Uso celular apenas para fazer e receber ligações. Ainda uso caneta, agenda de papel, leio livros com prazer, falo ao telefone ao invés de enviar mensagens escritas, vou à banca para comprar jornais, converso pessoalmente ou por telefone com a gerente para resolver minhas necessidades bancárias e muitas outras coisas que, progressivamente, se tornam obsoletas. Estou perdido no tempo.

Não pense que acho charmoso e que tenho orgulho disso. Com frequência, recebo mensagens para trocar meu celular. Qualquer dia, vão dizer para jogá-lo no lixo e que, se eu não jogar, serei expulso do mundo. A pressão é cada dia maior.

Não associe essa minha resistência ao saudosismo. Sou fascinado pela ciência e pelo conhecimento. Mantenho uma distância, mas admiro esse novo mundo. A internet é um dos fatos mais marcantes e revolucionários da história da civilização humana.

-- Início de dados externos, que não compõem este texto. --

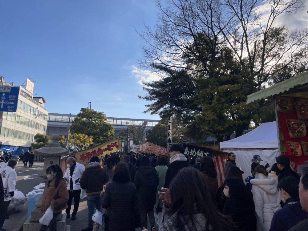 境内を出て駅までの道のりには、ずらりと出店が並び、どこからともなく美味しそうな匂いが漂ってきます。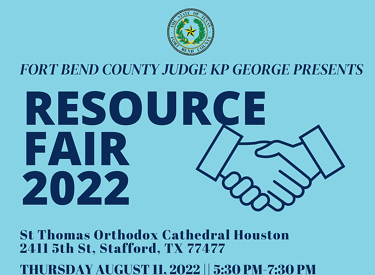 Fort Bend County Judge KP George will host a Free Community Resource Fair on Thursday, August 11, from 5:30 p.m. – 7:30 p.m. at St. Thomas Orthodox Cathedral Houston, 2411 5th Street, TX 77477.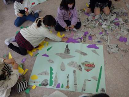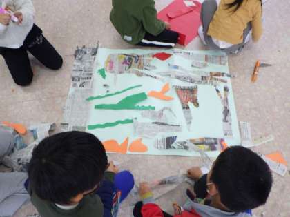 新聞紙や画用紙を指で破り、偶然できた形を使って作品を作ります。グループで制作することで、仲間の考えにふれたり、仲間と相談したりして協働的な学習になります。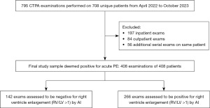 This retrospective study is Health Insurance Portability and Accountability Act (HIPAA) compliant and was approved by the institutional review board of the University of Texas Southwestern Medical Center (No. STU-2023-0769, on December 20, 2023). The study was conducted in accordance with the Declaration of Helsinki and its subsequent amendments. The requirement for written consent was waived. The investigation was conducted at a tertiary care university hospital. During the study period from April 2022 to October 2023, for purposes unrelated to this investigation, a Food and Drug Administration (FDA)-approved commercially available AI tool (BriefCase for PE, Aidoc) trained to detect acute PE on non-electrocardiogram (ECG) gated CTPA examinations was used to evaluate all contrast-enhanced chest CT examinations with PE protocol, the results of which were available to the radiologist. An automated measurement of RV/LV was also provided by a commercially available FDA-approved AI tool by the same vendor (14) when a positive acute PE was detected by the PE detection AI algorithm. The result of the automated measurement of the RV/LV was not available to the radiologist at the time of clinical interpretation. All results of the AI tool were stored in a departmental data warehouse for investigational purposes.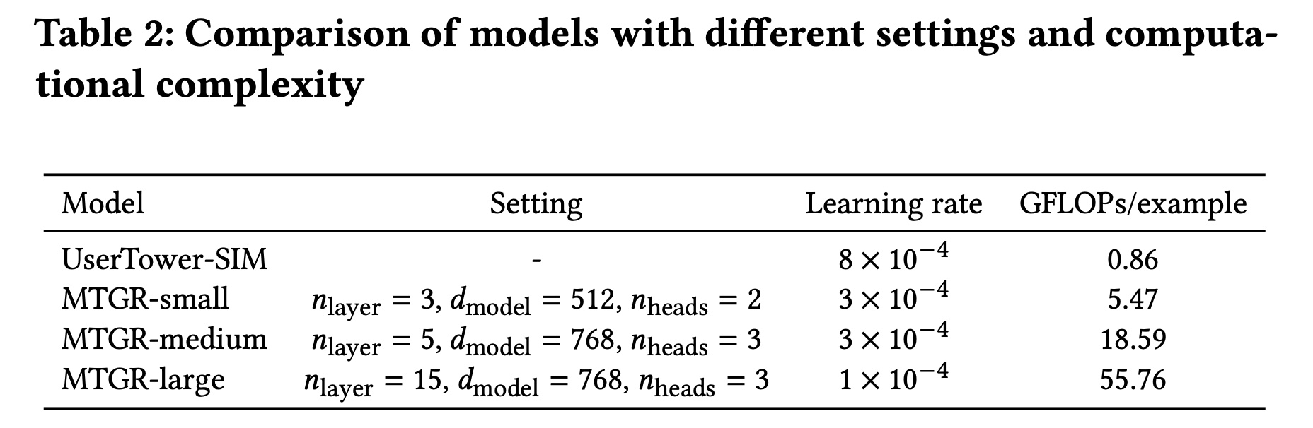 MTGR 采用 E2E 处理所有 sequence information ,并设置了三种不同规模以验证 scalability ,如 Table 2 所示。

Atualizo-me sobre tudo o que acontece, no futebol, no país e no mundo, pelos noticiários da TV, que filtram todas as informações úteis e inúteis que surgem na internet. Além disso, vejo, diariamente, partidas de futebol, na íntegra, do Brasil e de todo o mundo. Tiro minhas conclusões. Conhecimento não é apenas informação. É também observação.

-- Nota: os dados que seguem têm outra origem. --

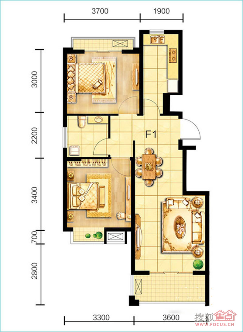 2室2厅1卫-佛光山水花园C区F户型2室2厅1卫1厨-75.28㎡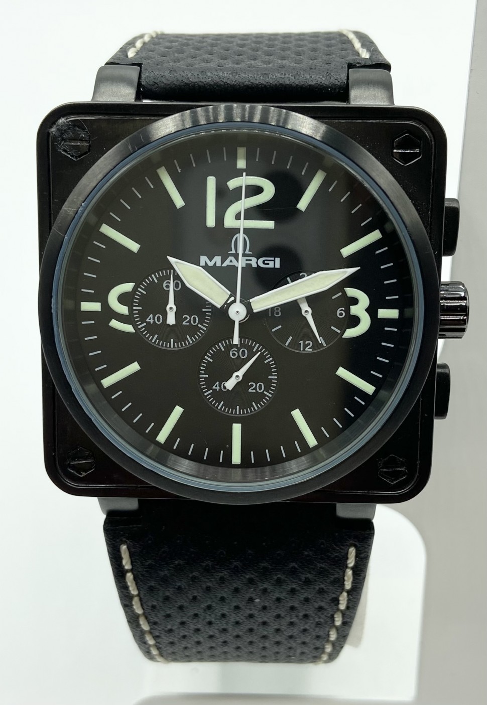 Orologio uomo Margi con cinturino in pelle e quadrante in acciaio. Movimento al quarzo.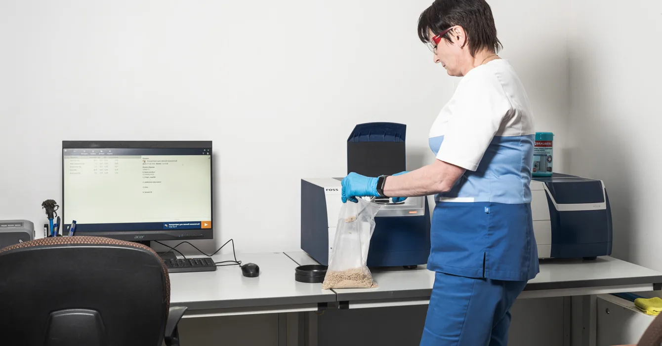 Лаборатория проводит анализы на содержание питательных веществ, вредных примесей в сырье и готовом корме. Для проведения анализов используются различные методы, включая химические и физические.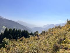 Début très agréable, montée sous les arbres La dernière moitié du parcours oblige à marcher sur la route (nous avons coupé à travers champs) puis sentier caillouteux sans grand intérêt jusqu’au village

Não sou saudosista, modernista nem futurista. Não há solução sem conhecimento, mas não me iludo que a ciência explique tudo e que tudo o que acontece em um jogo de futebol é decorrente de estratégias. A vida e o futebol se passam também nas entrelinhas, nos acasos, no não dito e no imponderável.

Os saudosistas falam que o futebol brasileiro precisa voltar à sua essência, como nos anos 1960. O futebol e o mundo mudaram. Temos de aprender com o passado, porém, sem repeti-lo. É preciso separar a nostalgia, a saudade, um delicioso sentimento sem o qual não sobrevivemos, do saudosismo de achar que, “no meu tempo”, tudo era melhor. O tempo passa ou somos nós que passamos?

Por outro lado, existem os modernistas, que não são, necessariamente, pessoas jovens, que se referem ao passado com o enorme distanciamento, às vezes, desprezo, do tipo: “isso é coisa de outra época”, como se houvesse uma completa ruptura e um Fla x Flu entre os saudosistas e os modernistas.

Não há nenhum momento em que aconteça essa divisão. O presente é continuação do passado.

Por causa da globalização, do grande número de jogadores de países diferentes espalhados pelo mundo, há pouca variação de estilo, de estratégia, a não ser as particularidades de cada clube, de cada país e de cada continente.

A técnica, individual e coletiva, a lucidez para tomar decisões, o planejamento, a estratégia e as condições físicas e emocionais passaram a ser mais decisivas que a habilidade e a improvisação, características do futebol brasileiro dos anos 1960. É preciso recuperar a fantasia, a imaginação e o talento individual, porém, com disciplina e organização tática.